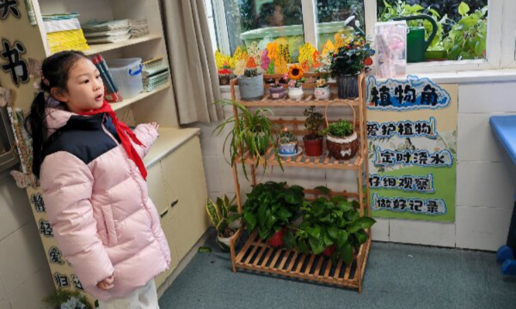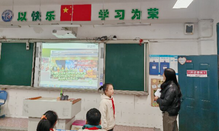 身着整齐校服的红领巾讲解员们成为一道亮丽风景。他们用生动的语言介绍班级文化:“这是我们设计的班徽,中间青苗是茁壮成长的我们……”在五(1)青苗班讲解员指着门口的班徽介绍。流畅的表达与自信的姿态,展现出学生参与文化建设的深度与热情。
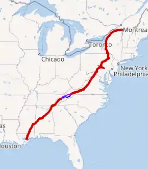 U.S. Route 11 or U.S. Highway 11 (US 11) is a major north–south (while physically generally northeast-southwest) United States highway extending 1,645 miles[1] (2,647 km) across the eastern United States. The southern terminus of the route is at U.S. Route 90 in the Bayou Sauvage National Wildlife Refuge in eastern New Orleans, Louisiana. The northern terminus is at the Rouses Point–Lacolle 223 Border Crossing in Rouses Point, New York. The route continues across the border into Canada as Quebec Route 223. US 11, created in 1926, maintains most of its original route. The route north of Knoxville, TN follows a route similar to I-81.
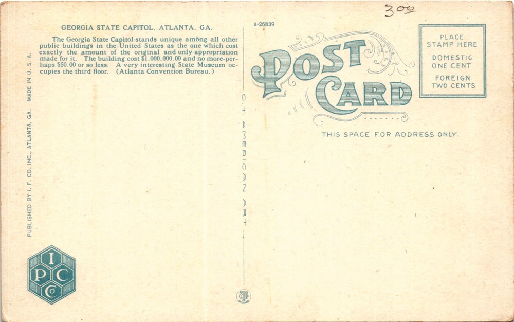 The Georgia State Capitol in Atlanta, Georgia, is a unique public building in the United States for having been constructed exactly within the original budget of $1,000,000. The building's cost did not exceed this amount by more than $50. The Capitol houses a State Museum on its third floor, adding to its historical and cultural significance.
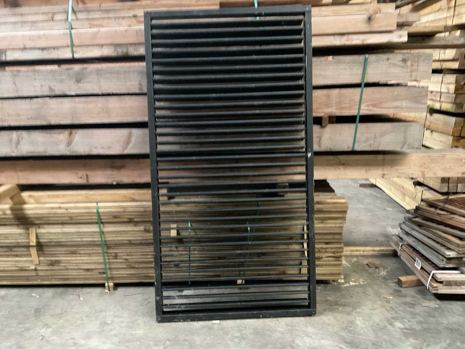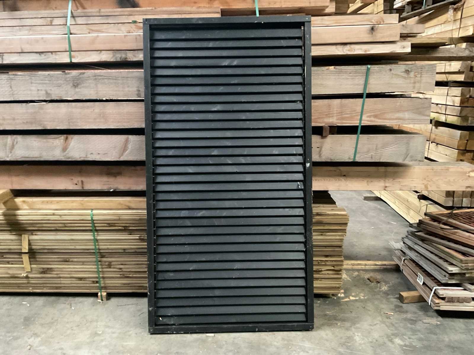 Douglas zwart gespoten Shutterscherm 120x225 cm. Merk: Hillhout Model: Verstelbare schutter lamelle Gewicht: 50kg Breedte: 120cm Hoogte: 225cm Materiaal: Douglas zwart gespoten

Task objective >> Leaving out only the pictures, reproduce the listing exactly.

Result for this task >>
 身着整齐校服的红领巾讲解员们成为一道亮丽风景。他们用生动的语言介绍班级文化:“这是我们设计的班徽,中间青苗是茁壮成长的我们……”在五(1)青苗班讲解员指着门口的班徽介绍。流畅的表达与自信的姿态,展现出学生参与文化建设的深度与热情。
 U.S. Route 11 or U.S. Highway 11 (US 11) is a major north–south (while physically generally northeast-southwest) United States highway extending 1,645 miles[1] (2,647 km) across the eastern United States. The southern terminus of the route is at U.S. Route 90 in the Bayou Sauvage National Wildlife Refuge in eastern New Orleans, Louisiana. The northern terminus is at the Rouses Point–Lacolle 223 Border Crossing in Rouses Point, New York. The route continues across the border into Canada as Quebec Route 223. US 11, created in 1926, maintains most of its original route. The route north of Knoxville, TN follows a route similar to I-81.
 The Georgia State Capitol in Atlanta, Georgia, is a unique public building in the United States for having been constructed exactly within the original budget of $1,000,000. The building's cost did not exceed this amount by more than $50. The Capitol houses a State Museum on its third floor, adding to its historical and cultural significance.
 Douglas zwart gespoten Shutterscherm 120x225 cm. Merk: Hillhout Model: Verstelbare schutter lamelle Gewicht: 50kg Breedte: 120cm Hoogte: 225cm Materiaal: Douglas zwart gespoten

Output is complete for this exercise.